• ACTIVITY: Under this line are the records; repeat exactly the lines starting at the one containing "Местная почва была" and ending at the one containing "Geberit 244.992.00.1, náhradní LED", omitting pictures.

• MATERIAL FOR THIS TASK:
▽
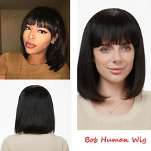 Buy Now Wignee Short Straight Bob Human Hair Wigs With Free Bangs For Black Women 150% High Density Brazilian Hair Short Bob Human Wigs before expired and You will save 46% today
△
▽
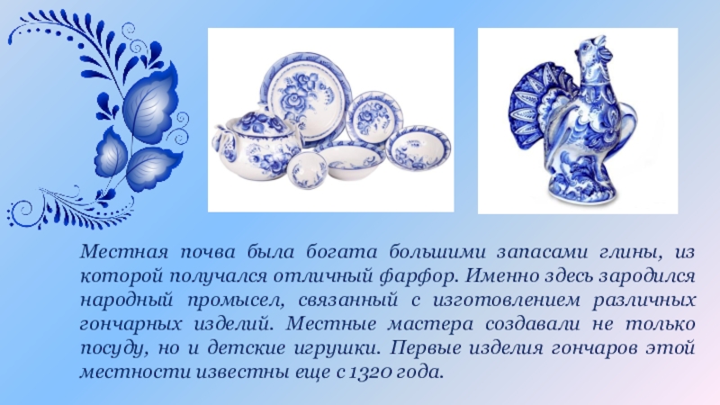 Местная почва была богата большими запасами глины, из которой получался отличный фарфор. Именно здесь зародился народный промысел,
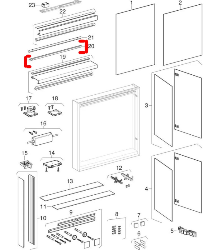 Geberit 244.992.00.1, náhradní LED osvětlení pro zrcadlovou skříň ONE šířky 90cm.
△
• SOLUTION TO THIS EXERCISE:
 Местная почва была богата большими запасами глины, из которой получался отличный фарфор. Именно здесь зародился народный промысел,
 Geberit 244.992.00.1, náhradní LED osvětlení pro zrcadlovou skříň ONE šířky 90cm.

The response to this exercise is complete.